[Haskell-cafe] Looking for a paper [Dijkstra-Dot]

Anthony Clayden anthony_clayden at clear.net.nz
Sun Jun 7 10:40:27 UTC 2020


>> On 6/5/20 7:05 AM, Anthony Clayden wrote:
>>* Hi Michael, I apologise if I'm being dumb, but that ewd.pdf is not a*
>>* 'publication' and is not by Dijkstra, right?*

> Sure.


>> *It's taking some of the ideas from Dijkstra's EWD1300, but misapplying*
>>* them to Haskell in a rather badly-informed way.*

> I wouldn't say so, for reasons explained below.

An undated pdf without even the authors names,
but using a respected author's name seems dodgy to me.
It's not "with E.W.Dijkstra" at all, indeed I'd say it's "against" him.
I think what they impute to EWD is wrong in fact and wrong in attitude,
for reasons explained below.


>>* After all, Haskell already has a 'Application Operator' spelled ($),*
>>* which is perfectly first-class and with which you can do the equational*
>>* reasoning (with lambdas) that the doco is talking about.*

> The thread that I was recalling (Language complexity & beginners) can be
found here,
>
> https://mail.haskell.org/pipermail/haskell-cafe/2016-February.txt

> and it started as a discussion about the use of ($) for function
> application. Namely, what should its type be?

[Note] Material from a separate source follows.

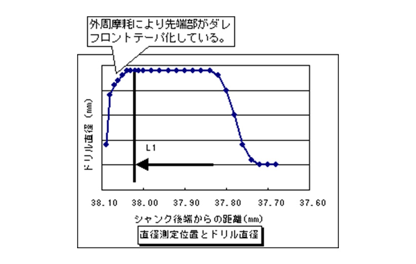 例えば、下図のようにフロントテーパが発生している場合について、ドリル先端部の直径を細かいピッチ(0.01~0.02mm程度の間隔)で測定評価します。そのデータにより再研磨取り量を算出します。

Its type is :: (a -> b) -> a -> b; that's in the Haskell Report
and what you get at the GHCi prompt :t ($) -- at GHC 6.5 with no extensions on.

Also while we're at it Data.Function.& :: a -> (a -> b) -> b
-- reverse application, which'll do for the paper Ben suggested.

> Whatever you answer is going to be wrong.

That's a fine type for the purposes of the 'thought-dialogue'
-- which is not a language specification.
If GHC's type under the hood is polykinded/higher-ordered/typeRep'd/etc
yes that'll confuse beginners, but won't upset the 'thought'.

> The root of that problem is that ($) is itself a
> function, and you can't insist on using a function to apply function
> application without risk of severe injury. So the only way to even use
> ($) is via the true function application syntax, namely whitespace.

So that's what the authors of EWD.pdf do at the end of the piece,
so that they derive (.) by eta-reduction. It's bogus.

Also bogus their is putting '.' between the lambda and the bound variable.
WTF is that? You don't 'apply' lambda to a variable;
it's not a function; it's a binding mechanism.
Some syntaxes for lambda calculus put a dot _after_ the bound
variable, where Haskell uses ->.

To put it bluntly: the authors are blundering.


> But whitespace as function application syntax has its own problems.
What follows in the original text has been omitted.